▶

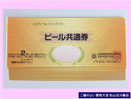 【買取実績】ビール共通商品券・ご来店ありがとうございます!商品券を真摯に査定し、高額査定でお買い取りさせていただきました・・・✅ チョット気軽にご来店❝笑顔で明るく爽やかな❞おもてなし査定! ✅ コンビニ気分で立ち寄れる、地域に愛される ご縁のよい買取大吉松山古川椿店 ✅ お気軽にご来店できる買取専門店⇒買取大吉№.1店舗! ✅チラシ・ネットを見てのご来店、リピートでのご来店、ご紹介でのご来店、誠にありがとうございます♪ ✅ ❝笑顔で明るく爽やか...
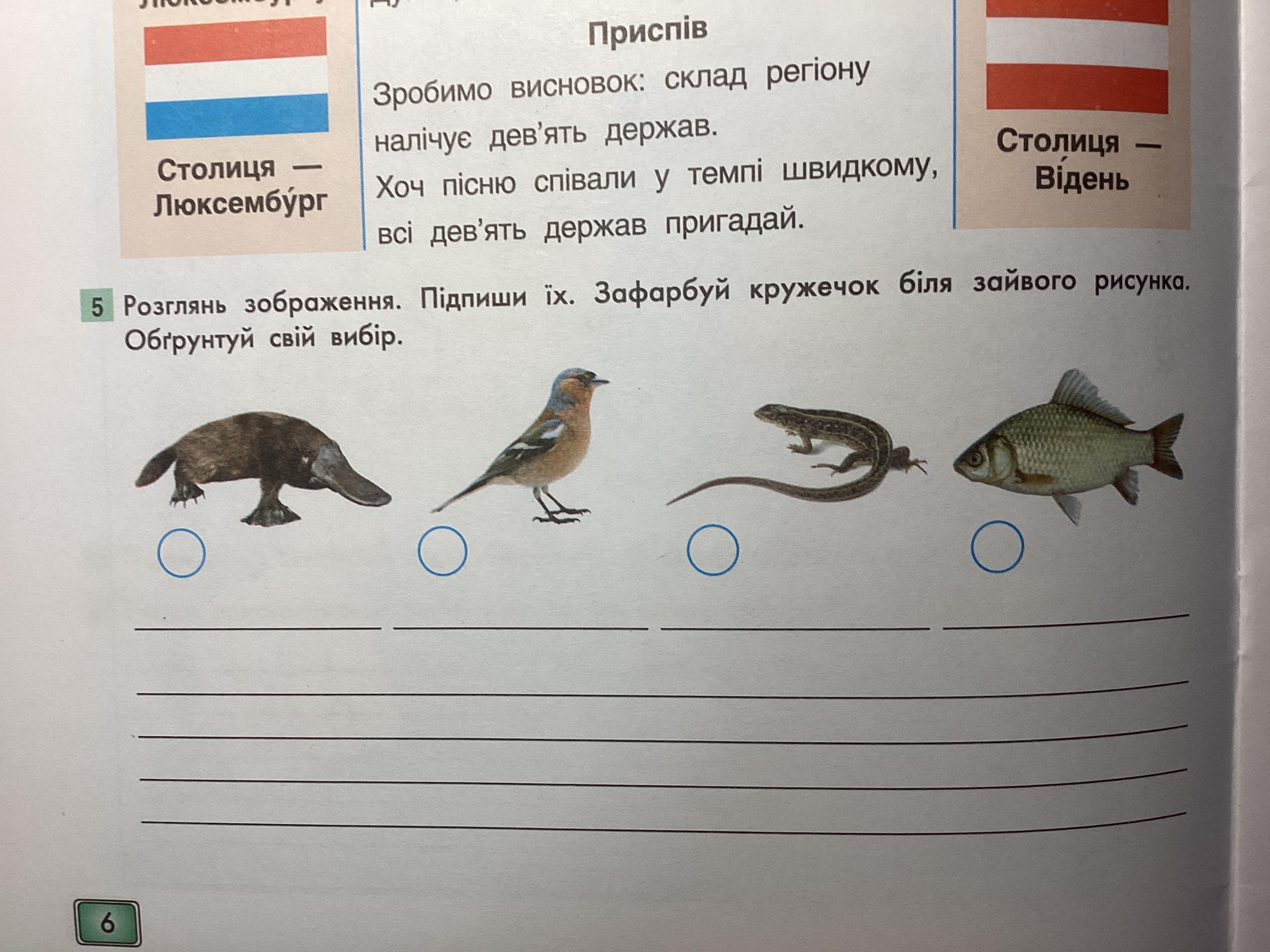 1-Качкодзьоб,2-зяблик(птах),3-ящірка,4-риба
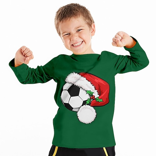 Da ragazzo 3D Babbo Natale Calcio T-shirt Camicia Manica lunga Stampa 3D Autunno Inverno Sportivo Di tendenza Streetwear Poliestere Bambino 3-12 anni Girocollo Esterno Informale Giornaliero Standard
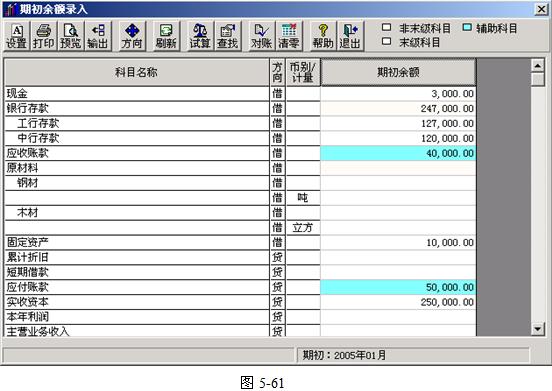 期初余额的录入分两部分:总账期初余额录入、辅助核算科目期初余额录入。
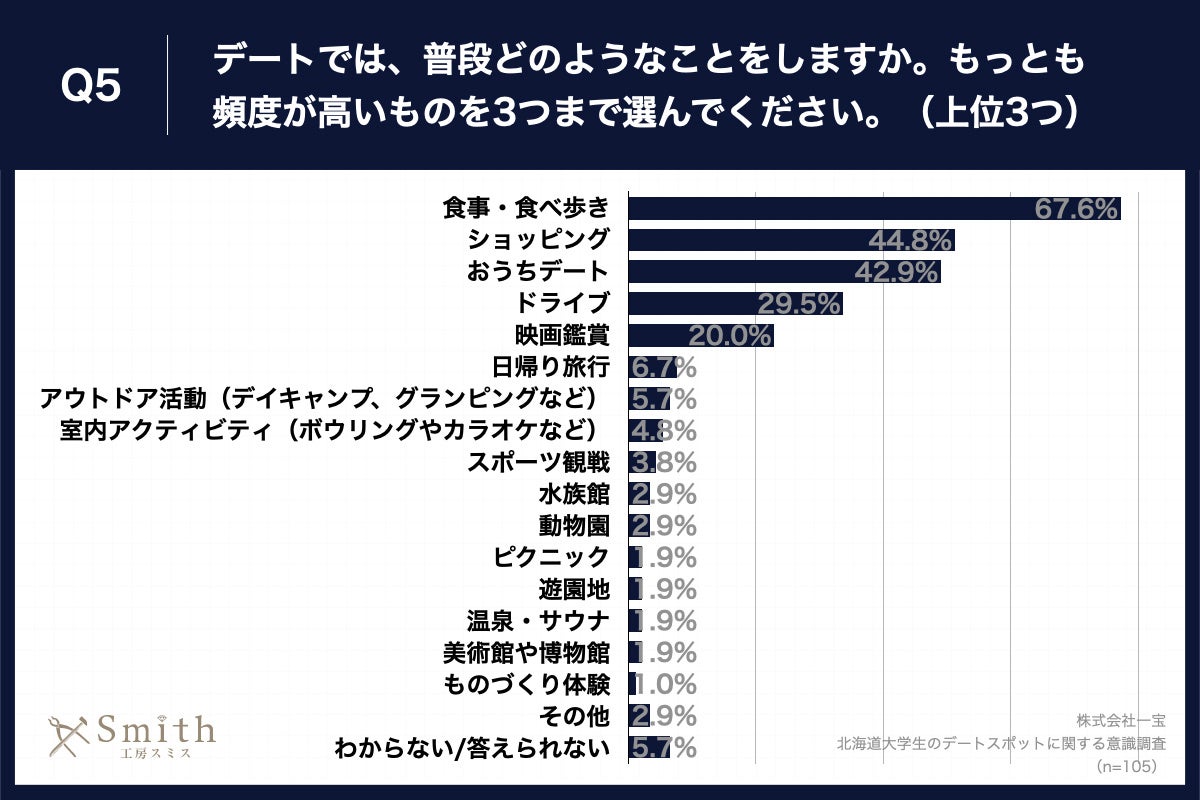 「Q5.デートでは、普段どのようなことをしますか。もっとも頻度が高いものを3つまで選んでください。(上位3つ)」(n=105)と質問したところ、「食事・食べ歩き」が67.6%、「ショッピング」が44.8%、「おうちデート」が42.9%という回答となりました。

◀

WORK TO BE COMPLETED:
What you return should be only the lines from the line with "Da ragazzo 3D" through the last line of the listing above, exactly, both ends included, pictures excluded.

WRITTEN ANSWER:
 Da ragazzo 3D Babbo Natale Calcio T-shirt Camicia Manica lunga Stampa 3D Autunno Inverno Sportivo Di tendenza Streetwear Poliestere Bambino 3-12 anni Girocollo Esterno Informale Giornaliero Standard
 期初余额的录入分两部分:总账期初余额录入、辅助核算科目期初余额录入。
 「Q5.デートでは、普段どのようなことをしますか。もっとも頻度が高いものを3つまで選んでください。(上位3つ)」(n=105)と質問したところ、「食事・食べ歩き」が67.6%、「ショッピング」が44.8%、「おうちデート」が42.9%という回答となりました。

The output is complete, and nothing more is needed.